Note:
This page is primarily intended for developers of Mercurial.
Path separator handling
How Mercurial handles path separators
Contents
1. Overview
This page is intended to collect information about Mercurial's current path separator behavior and help formulate coherent rules for when paths should be converted.
2. Basics
There are three basic path formats:
- portable (with a forward slash)
- local (slash on Unix, backslash on Windows)
OS-specific observations:
- Despite usually using backslash, Windows internally will always accept slash instead of backslash
- Backslashes are valid non-separator characters on Unix, which we should be able to store (though the repo may not be usable on Windows)

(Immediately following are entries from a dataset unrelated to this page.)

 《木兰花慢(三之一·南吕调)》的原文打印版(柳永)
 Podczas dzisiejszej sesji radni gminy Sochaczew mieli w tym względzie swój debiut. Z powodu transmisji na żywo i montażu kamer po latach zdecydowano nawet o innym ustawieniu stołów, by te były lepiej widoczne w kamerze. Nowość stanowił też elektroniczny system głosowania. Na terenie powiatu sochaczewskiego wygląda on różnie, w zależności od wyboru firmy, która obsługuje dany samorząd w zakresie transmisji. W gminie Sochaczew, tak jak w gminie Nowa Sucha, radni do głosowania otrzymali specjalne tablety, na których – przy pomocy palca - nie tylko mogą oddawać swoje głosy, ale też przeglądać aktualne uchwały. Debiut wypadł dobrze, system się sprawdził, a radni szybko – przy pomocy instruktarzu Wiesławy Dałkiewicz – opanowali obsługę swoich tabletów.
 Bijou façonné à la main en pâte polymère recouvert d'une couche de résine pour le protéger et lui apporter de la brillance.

- On Windows, ui.slash will cause (most? very few!) commands to output slashes
Basic rules:
- paths stored in changelog and manifest should always be in portable format
- paths read from user (command line, config files) may be in either portable or local format
- URLs should always use portable format
APIs:
- convert from native to portable with util.pconvert()

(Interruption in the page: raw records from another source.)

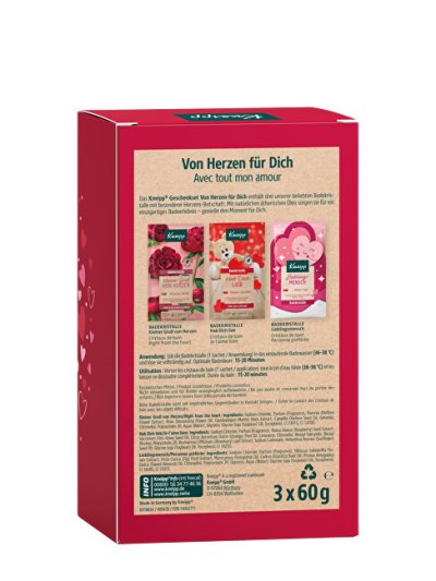 Dárková sada Kneipp Pro Tebe s motivy srdíček a velkým výřezem ve tvaru srdce skrývá 3 koupelové soli s okouzlujícími vůněmi. Sada obsahuje:
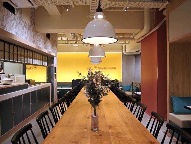 店内は木を基調とした落ち着いたレイアウト。入口には調理工程が間近で見える工房を設けているので、ひとつひとつ料理を作り上げるライブ感も味わえるようになっています。
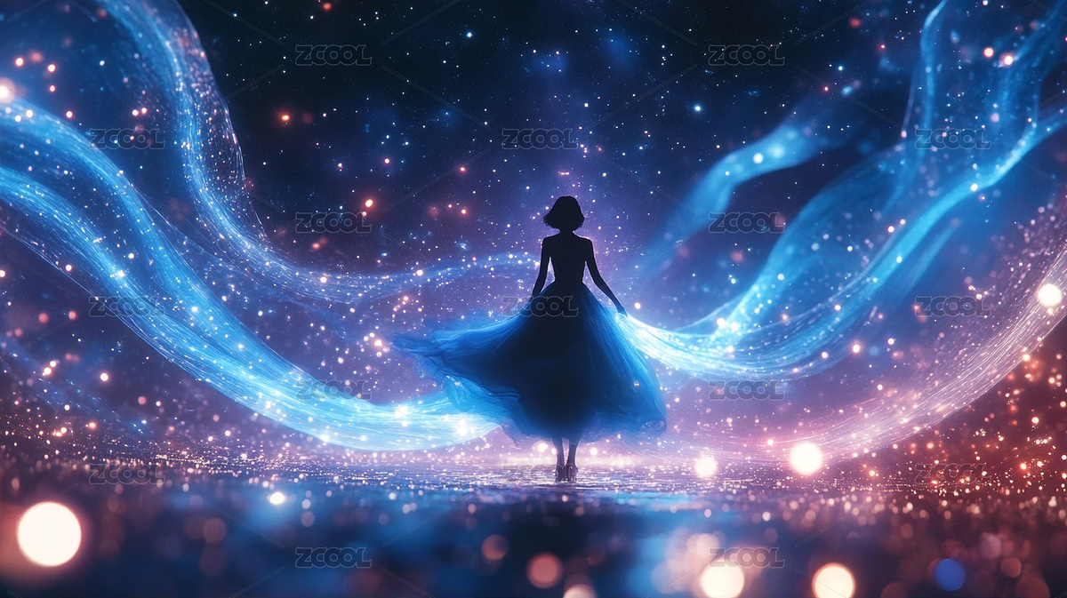 剪影,女性,星光,梦幻,宇宙,粒子,光线,魔法,优雅,礼服
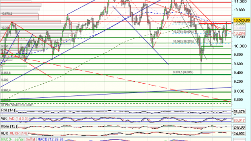 El Ibex ataca con fuerza el techo del rango lateral y la media de 200 sesiones y que aun no puede darse por superado, de confirmar en las proximas sesiones sobre los 10.675, veremos continuidad en las subidas en direccion a máximos.

- convert from portable to native with util.localpath()
- util.normpath() converts to portable
- repo.pathto() and dirstate.pathto() converts to local (honors ui.slash)

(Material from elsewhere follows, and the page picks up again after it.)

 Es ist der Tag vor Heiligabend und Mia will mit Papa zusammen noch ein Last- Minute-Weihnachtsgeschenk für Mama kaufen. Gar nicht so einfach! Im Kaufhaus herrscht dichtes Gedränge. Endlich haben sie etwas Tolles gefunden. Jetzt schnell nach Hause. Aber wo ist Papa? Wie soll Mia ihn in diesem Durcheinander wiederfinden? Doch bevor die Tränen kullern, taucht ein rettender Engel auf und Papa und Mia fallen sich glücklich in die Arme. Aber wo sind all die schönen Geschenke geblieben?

- util.pathto() converts to local (ignores ui.slash)
3. Audit of current usage
As of Mercurial 2.4, we have the following behavior:
command |
output |
comments |
hg add/copy/forget/rename/remove/revert |
local |
|
hg diff/export |
portable |
|
hg locate |
portable |
unusual for working directory command |
hg manifest |
portable |
|
hg log |
portable |
|
hg resolve |
portable |
unusual for working directory command |
hg status |
local |
even if not checking working directory |
hg clone/push/pull/in/out |
local |
shows normalized source |
hg rebase/strip |
local |
reports path of backup bundle |
Inferred rules:
- commands for inspecting history should use portable format
- commands for working directory should use local format
- commands that default to the working directory (ie status) should use local format
- diffs should use portable format... for portability
4. Tests
As of 2.4, the Mercurial test suite uses the '(glob)' filter to hide Windows-specific path changes. This has several downsides:
- Unix developers usually fail to mark these paths when writing tests
- doesn't detect accidental regressions
- tedious to maintain
Some possible improvements:
- a new filter '(path)' that normalizes local paths but complains about non-local paths
- more complete check-code rules to warn Unix devs about non-portable constructs
5. Questions
Considering how inconsistent Mercurial uses portable vs local slashes: Do Windows users actually rely on Mercurial emitting backslash? What are the usecases?
How much time do Mercurial spend normalizing paths and converting slashes over and over?